The Sydney Harbour Concours d’Elegance is pleased to announce its dates for next year. The ninth edition of the Southern Hemisphere’s leading internationally recognised concours will take place on 26th – 28th February 2027. Once again the venue will be iconic Cockatoo Island in the heart of the idyllic Sydney Harbour, surely one of the most picturesque venues of any of concours event worldwide, in one of the most beautiful and vibrant cities on earth.

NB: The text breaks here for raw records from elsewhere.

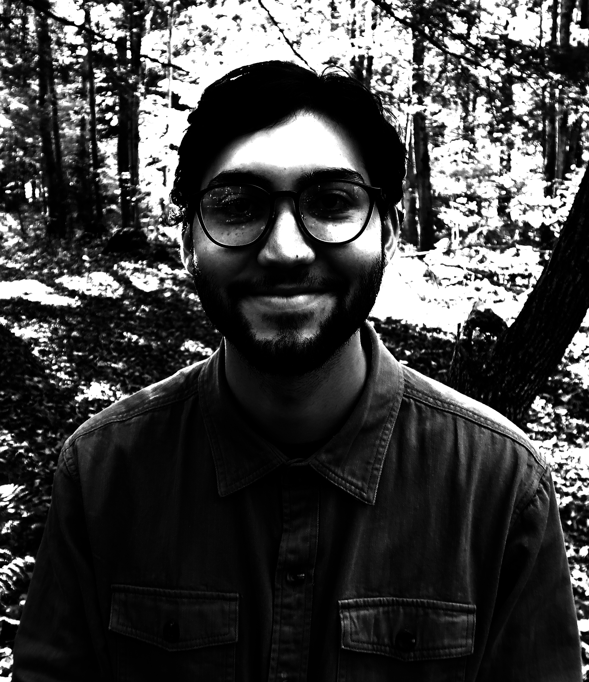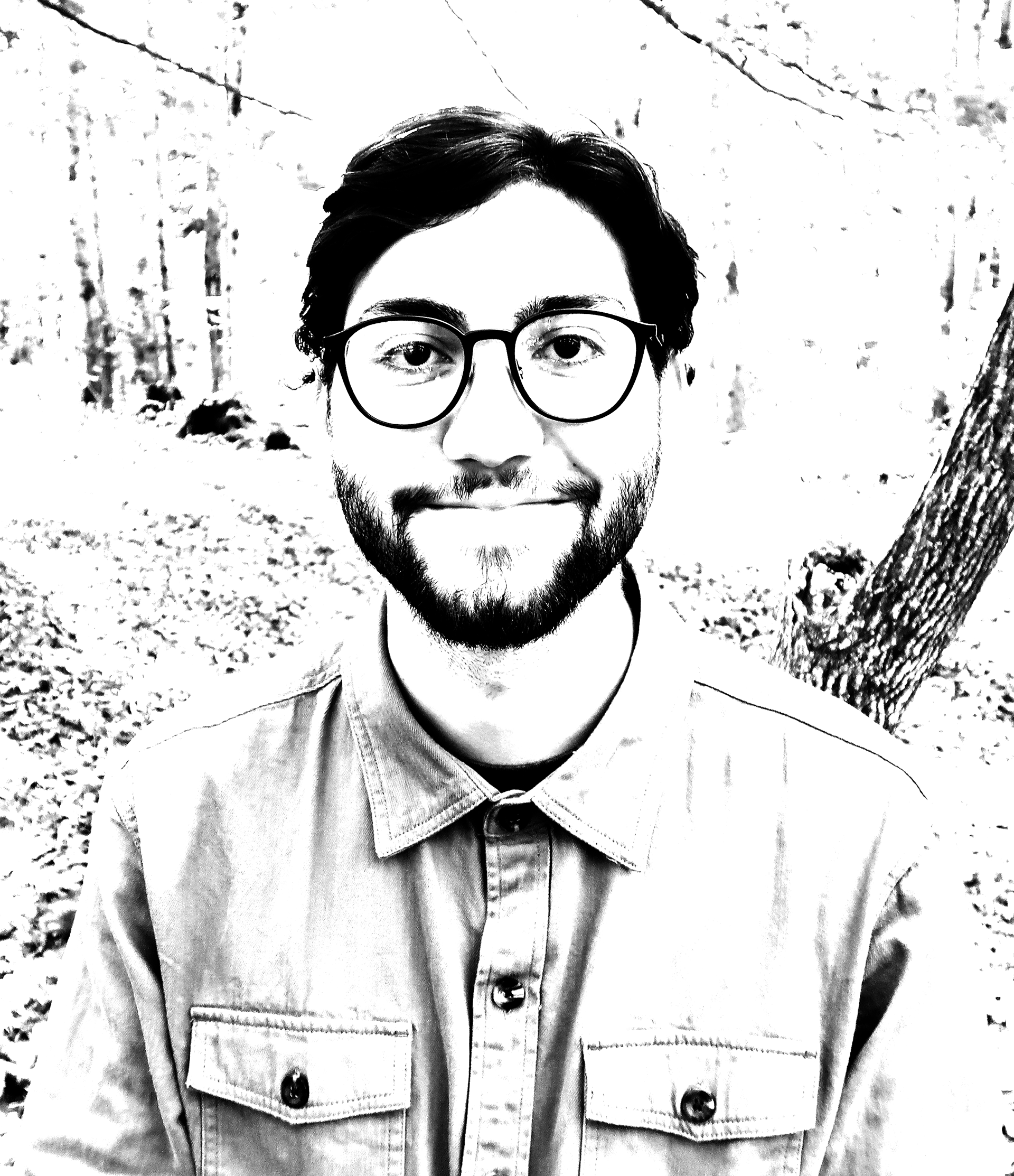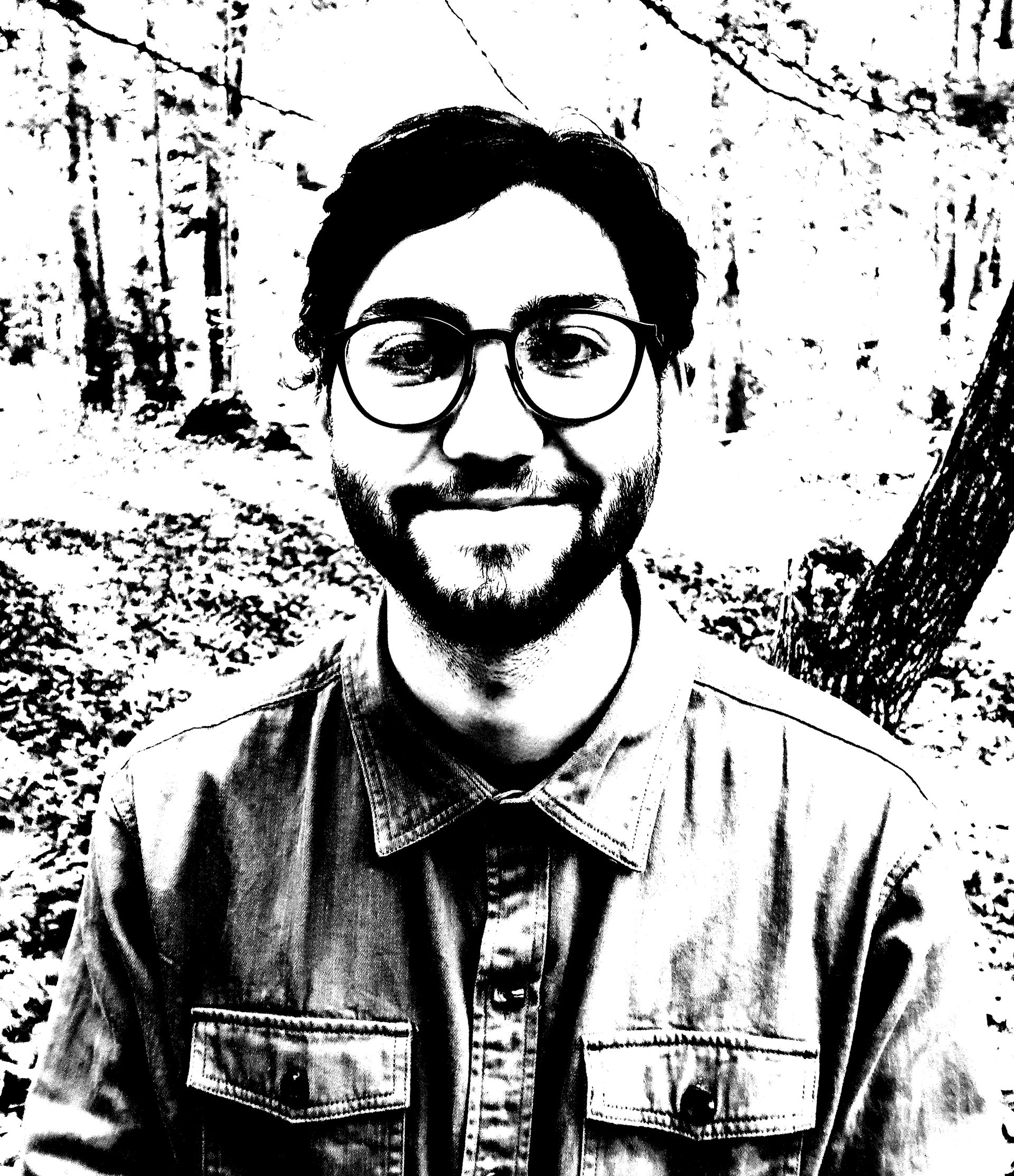 When creating this project, I aimed to capture my likeness by emphasizing my most recognizable features. By manipulating the levels and curves in Photoshop, I identified that my hair, glasses, and beard stood out the most. These elements were accentuated with contrast, with the key characteristics being the darkest to draw attention. Shadows were then added to convey a sense of depth.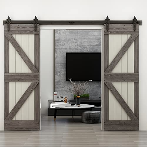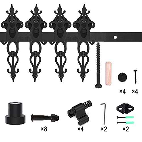 WOLFBIRD 274cm (9FT) Schiebetürsystem Schiene Schiebetürbeschlag für Doppelte Holztüren (Flower Shape Hanger Roller Set)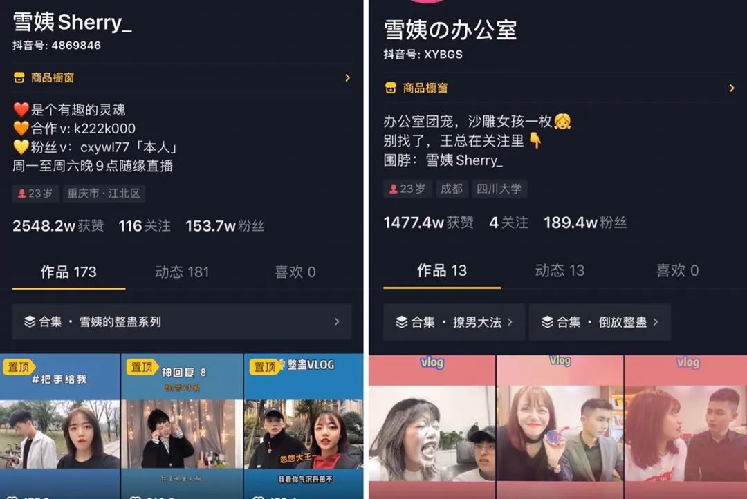 2019年6月1日,雪姨Sherry发布第一个视频,11个月做到153万粉丝。雪姨の办公室则用1个月做到180万粉丝。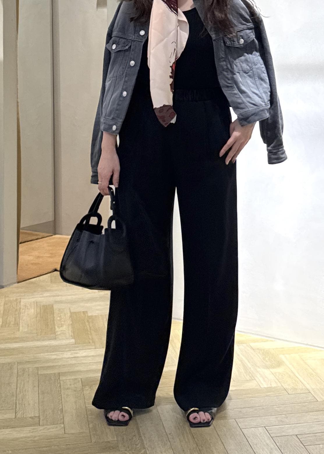 長さは私の身長、体型でフラットシューズで合わせるなら2〜2.5センチ丈詰めが必要。ヒールなら丈詰めなしで大丈夫でした。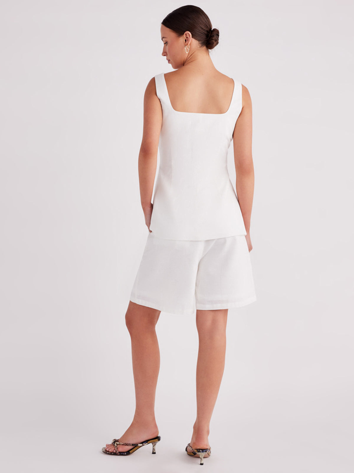 Elevate your wardrobe with the Osten Top by SNDYS, a chic piece crafted from a breathable linen blend. Designed in a long-line vest style, it features a refined square neckline and open center front with lace-up detailing for a customizable fit. Perfect for layering or as a standalone statement, this top exudes effortless sophistication.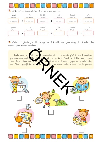 Melis’in bir günde yaşadıkları aşağıdadır. Okuduklarınıza göre aşağıdaki görselleri oluş

This is what James Elliott, editor-in-chief of Octane Magazine had to say about this year’s event on LinkedIn recently, “What’s more important to a concours – the venue or the cars? “Obviously the cars,” you shout, but a rotten venue can put the mockers on even the most astonishing display of metal. Plus, you wouldn’t think that any event that can attract top tier cars could struggle for an appropriate canvas on which to display them, yet I have seen much-vaunted concours make terrible relocation decisions, sometimes out of necessity, but occasionally by choice. And some venues, even some high-profile ones currently in use, should work but somehow just don’t. Atmosphere, flatness, the angle the wind blows through at, or any other combination of factors can make somewhere that looks great on paper feel desolate on the wrong day, a few gaps in the line-up very quickly starting to feel like a raft of no-shows. Speaking of which, you also need somewhere that can ride out whatever the weather gods throw at you (big thumbs up for ModaMiami there).

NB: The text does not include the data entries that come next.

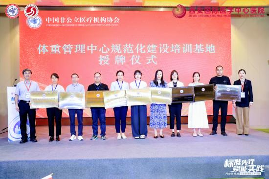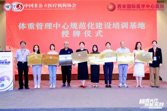 為破解這一困局,中國非公立醫(yī)療機(jī)構(gòu)協(xié)會(huì)積極推進(jìn)標(biāo)準(zhǔn)化與協(xié)同化建設(shè),經(jīng)嚴(yán)格評審,對40家機(jī)構(gòu)授予“體重管理中心規(guī)范化建設(shè)培訓(xùn)基地”稱號(hào),并為到場的35家機(jī)構(gòu)代表舉行授牌儀式。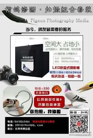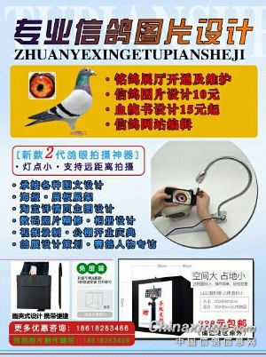 *信鸽图片设计 *血统书设计 *代理:信鸽摄影灯箱、第二代鸽眼拍摄神器 *中信网(铭鸽展厅资料整理) *国旗私人定制 各种图文设计信鸽网站编辑,铭鸽展厅开通及维护,网页设计,广告发布,媒体运营,平面设计制作(名片,广告牌,海报,宣传页,展架,数码照片精修等),鸽展设计策划,赛鸽人物专访,视频录制,公棚开业庆典等媒体服务。 (照片的质量取决于您手机的像素,手机像素不得低于1300万。否则修出的效果不佳。) 微信18618263466 QQ:390105196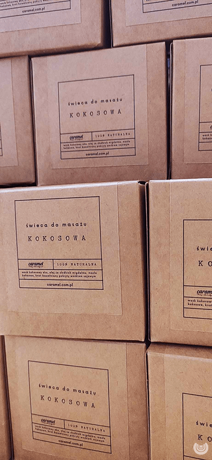 W Caramel tworzymy dla klientów dedykowane naturalne Gift Boxy, które oni rozdają swoim kontrahentom czy pracownikom. Tutaj świece do masażu - promo dla jednego z naszych klientów - Kamili, która prowadzi krąg dla twórczych kobiet.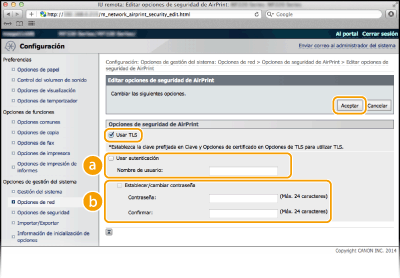 Seleccione la casilla de verificación [Usar TLS], especifique los elementos necesarios y haga clic en [Aceptar].

I always loved the Hurlingham Club as a venue (maybe because I can walk to it), but no event seems to be able to really put down roots there. There are golf courses all over the world that are spot-on, too, but I also want a different kind of wow and no traffic jams – there’s nothing worse than feeling flustered, harassed and angry before you have even got into a concours.

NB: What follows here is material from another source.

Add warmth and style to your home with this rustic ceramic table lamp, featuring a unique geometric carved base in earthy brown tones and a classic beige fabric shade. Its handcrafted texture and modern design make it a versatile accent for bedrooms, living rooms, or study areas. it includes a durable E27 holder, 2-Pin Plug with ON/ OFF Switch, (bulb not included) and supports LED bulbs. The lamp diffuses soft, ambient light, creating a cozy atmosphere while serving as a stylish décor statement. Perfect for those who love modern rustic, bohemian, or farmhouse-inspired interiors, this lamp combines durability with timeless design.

Both Salon Privé and Concours of Elegance score highly on the traffic jam avoidance front by separating the parking from the event, but perhaps the best way is to entirely take away the option to get stuck in traffic in the first place. The London Concours does that pretty well (you can drive into the City of London, but why would you when there are several tube stations in easy walking distance?), but nowhere does it better than the Sydney Harbour Concours of Elegance.
Because it is held on a 44-acre UNESCO world heritage site – formerly a prison and a shipyard – in the middle of Sydney Harbour, there are no roads or bridges to it. The concours cars (and everything else from sound systems to catering) arrive by barges, while the visitors must also get there by watercraft. The locals are pretty blasé about this aspect, they don’t get how cool it is as a tourist to take a ferry to such an event, to tour the harbour, go under the bridge and pass in almost touching distance of the Opera House, and all for the price of a bus ticket. Of course, you can arrive by superyacht if you prefer.
I know I am a bit of a cheerleader for this event, but I have always had a soft spot for Australia and the ferociously passionate car culture there (a pre-war Bugatti and a Ferrari 275GTB both drove 1000km from Melbourne to be shown this year) and just wish more people could see it and experience it as I have. Sydney in late summer and no traffic jams, what could be better?”